MRI pipeline (primary):
model → capture (raw/naked/template) → .mri/ (per-layer residuals + weights)
↓
mri-decompose → PCA scores + transposed indexes
↓
companion viewer (http://localhost:8377)
↓
20 viewports: clouds, trajectories, flowers, spectrum, neurons, prism
Profile pipeline:
tokenizer → .frt (vocab, bytes, scripts)
model → .shrt (residual displacement per token, all layers)
model → .sht (output KL divergence per token)
analysis → profile-survey (cross-model concordance)
Eval pipeline:
HF benchmarks → DB (prompts)
↓
discover → attack → generate_with_geometry → score → report
Each scorer is independent. No calibration step. The report presents raw signal distributions. Interpretation is the reader's job.

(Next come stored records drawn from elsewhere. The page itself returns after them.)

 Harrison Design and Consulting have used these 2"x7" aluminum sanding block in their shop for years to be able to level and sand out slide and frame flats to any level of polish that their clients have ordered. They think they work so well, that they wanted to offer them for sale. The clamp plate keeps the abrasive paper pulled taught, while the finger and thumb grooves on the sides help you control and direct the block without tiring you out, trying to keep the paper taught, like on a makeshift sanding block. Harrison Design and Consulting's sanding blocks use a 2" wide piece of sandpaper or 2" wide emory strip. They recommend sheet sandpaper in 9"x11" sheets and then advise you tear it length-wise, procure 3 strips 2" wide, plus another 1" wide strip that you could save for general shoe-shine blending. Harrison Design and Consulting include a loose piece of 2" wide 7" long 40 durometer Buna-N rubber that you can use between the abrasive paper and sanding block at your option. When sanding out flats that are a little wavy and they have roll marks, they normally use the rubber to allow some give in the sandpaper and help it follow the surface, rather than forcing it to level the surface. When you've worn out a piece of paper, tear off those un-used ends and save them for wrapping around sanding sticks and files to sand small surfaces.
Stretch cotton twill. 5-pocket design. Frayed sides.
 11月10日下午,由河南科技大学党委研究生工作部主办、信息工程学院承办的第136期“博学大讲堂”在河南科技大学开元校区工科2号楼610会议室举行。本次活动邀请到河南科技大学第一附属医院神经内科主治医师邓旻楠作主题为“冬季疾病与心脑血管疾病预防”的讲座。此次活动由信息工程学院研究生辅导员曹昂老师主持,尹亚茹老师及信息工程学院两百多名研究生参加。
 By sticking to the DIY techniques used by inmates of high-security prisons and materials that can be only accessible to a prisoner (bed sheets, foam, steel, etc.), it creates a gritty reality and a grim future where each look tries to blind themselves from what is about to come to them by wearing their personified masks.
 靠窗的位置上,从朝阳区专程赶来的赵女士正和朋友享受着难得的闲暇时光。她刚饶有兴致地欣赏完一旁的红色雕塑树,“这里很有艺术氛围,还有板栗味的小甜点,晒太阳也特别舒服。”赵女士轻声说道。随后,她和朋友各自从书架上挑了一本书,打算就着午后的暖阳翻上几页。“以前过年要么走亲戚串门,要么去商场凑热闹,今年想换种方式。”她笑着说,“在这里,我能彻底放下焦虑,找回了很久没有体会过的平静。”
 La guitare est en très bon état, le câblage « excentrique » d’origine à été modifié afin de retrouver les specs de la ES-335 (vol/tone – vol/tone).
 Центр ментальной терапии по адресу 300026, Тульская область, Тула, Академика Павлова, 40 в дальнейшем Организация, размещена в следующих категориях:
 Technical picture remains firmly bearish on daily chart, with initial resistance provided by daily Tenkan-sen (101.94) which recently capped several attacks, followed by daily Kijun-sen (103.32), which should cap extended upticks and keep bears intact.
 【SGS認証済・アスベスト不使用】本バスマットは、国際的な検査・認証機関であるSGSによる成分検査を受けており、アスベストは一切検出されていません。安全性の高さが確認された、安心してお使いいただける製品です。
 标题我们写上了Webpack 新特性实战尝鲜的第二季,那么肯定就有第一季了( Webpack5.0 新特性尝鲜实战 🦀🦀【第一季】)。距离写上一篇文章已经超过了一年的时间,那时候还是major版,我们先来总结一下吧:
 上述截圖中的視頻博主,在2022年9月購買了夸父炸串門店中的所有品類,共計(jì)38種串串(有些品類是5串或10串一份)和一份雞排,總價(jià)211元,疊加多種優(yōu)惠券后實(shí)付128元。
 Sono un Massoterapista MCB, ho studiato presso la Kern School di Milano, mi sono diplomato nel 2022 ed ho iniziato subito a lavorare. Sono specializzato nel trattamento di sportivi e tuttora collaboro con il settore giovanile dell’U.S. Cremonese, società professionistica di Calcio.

| Scorer | Type | Model | What it measures |
|---|---|---|---|
| word_match | pattern | none | refusal/compliance vocabulary |
| regex_harm | pattern | none | structural harm patterns (steps, chemicals, code) |
| refusal | measurement | target model | first-token refusal probability |
| self_kl | measurement | target model | behavioral divergence (first-token probability) |
| qwen3guard | judge | Qwen3Guard-0.6B | external safety classification (Alibaba) |
| llamaguard | judge | LlamaGuard-3-1B | external safety classification (Meta) |
Registered HF datasets (auto-download + cache):
simple_safety— Bertievidgen/SimpleSafetyTestscatqa— declare-lab/CategoricalHarmfulQA (11 categories)do_not_answer— LibrAI/do-not-answer (5 risk areas)forbidden_questions— TrustAIRLab/forbidden_question_settoxicchat— lmsys/toxic-chat (toxic + non-toxic)wildchat— allenai/WildChat-4.8M (multi-turn, streaming)safety_reasoning— DukeCEICenter/Safety_Reasoning_Multi_Turn_Dialogue
Verified findings from 7 models across 3 families (Qwen, Phi-3, Mistral):
From the profile pipeline (session 3, verified):
- 3 universal scripts across all 7 models: CJK (average displacement), latin (easy), code (easy). Kendall's W = 0.65.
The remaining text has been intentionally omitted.